The peer-to-peer file-swapping wars have reportedly reached Sweden: A proposed law to ban swapping of copyrighted material online without paying royalties is said to have raised tensions in a country where legal loopholes are believed to make it hard, if not impossible, to stop file swapping.
Published reports April 3 indicated the Swedish government and entertainment industries are anxious to prosecute Internet file swappers, as the U.S. film and music industries have attempted, but some in the Scandinavian country say implementing such a law would be highly doubtful.
"There is an incredibly tense atmosphere here,” said Swedish Antipiracy Agency legal cousel Henrik Ponten to the French news wire Agence France-Presse. “I have had a number of threats made against me personally.” His group, in fact, has already begun trying to crack down on file swapping through “the foggy framework” of current Swedish copyright law, AFP reported.
"We want to cure the lack of clarity in the law so that regular people know" which material is legal and which illegal, Justice Minister Thomas Bodstreom told Expressen in March about the proposed law.
The Swedish music industry sings a tune similar to that sung by the Recording Industry Association of America, claiming Swedish record industry revenues have fallen 30 percent since 2001, according to Lars Gustafsson, the chief executive of Sweden’s branch of the International Federation of the Phonograph Industry.

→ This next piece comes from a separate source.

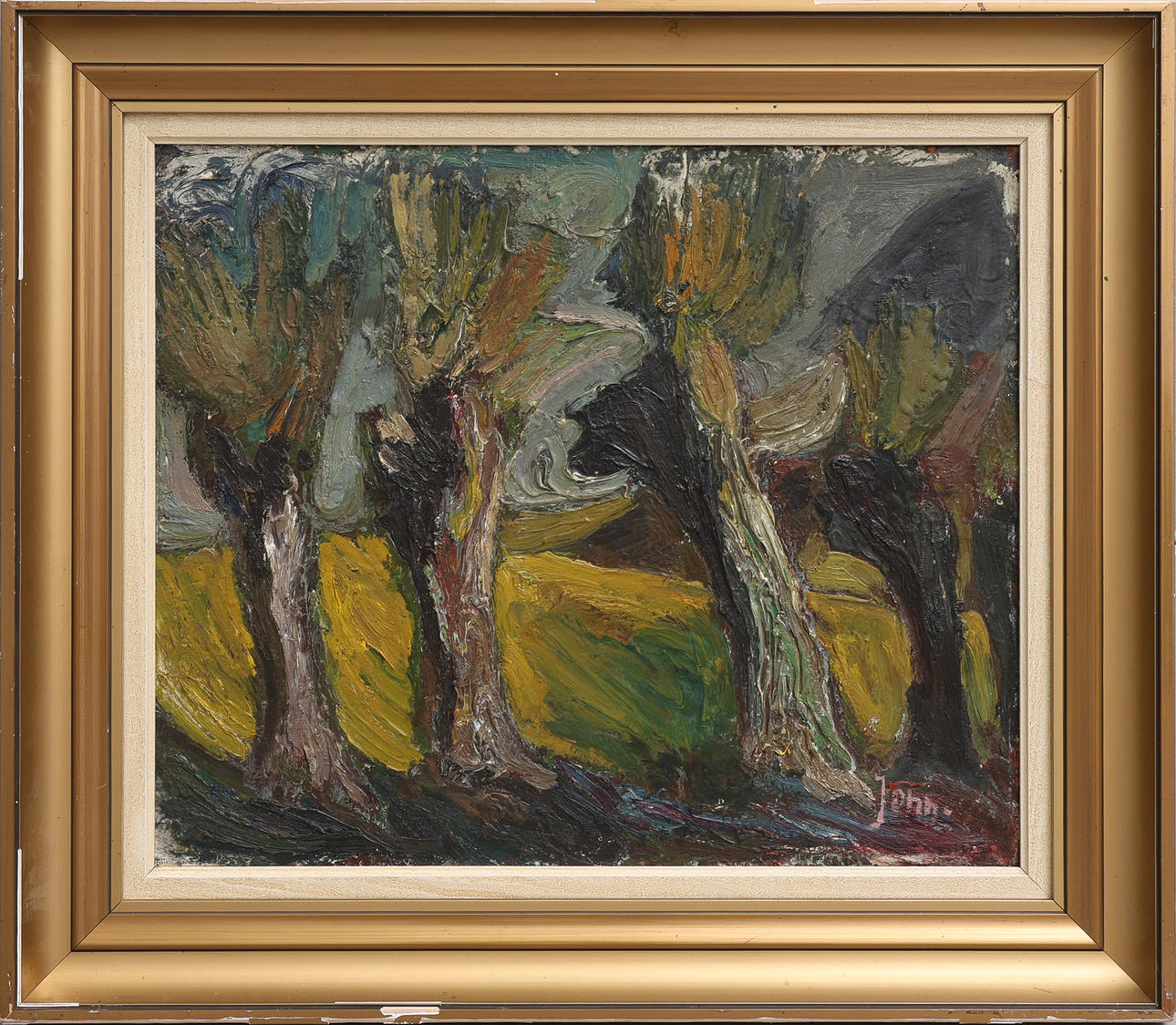 GUNNAR JONN. OIL ON PANEL, FOREST MOTIF, SIGNED.

Gustafsson said that “at least part” of the fall was due to illegal music downloading.
Ponten said online piracy in Sweden outpaces such activities in any other European country. He said at least 500,000 of Sweden’s 9 million residents use peer-to-peer file swapping programs to get and post films, music, and computer games online, with about 15 million such illegal copies downloaded annually.
Three Swedish opposition political parties have pledged to vote against the proposed law when it comes to parliamentary debate May 25, AFP reported. "Why should we criminalize the downloaders?” asked Johan Linder, a Member of Parliament for the Center Party. “It is often impossible for people to know whether what they see on the Internet has been put there legally or illegally.”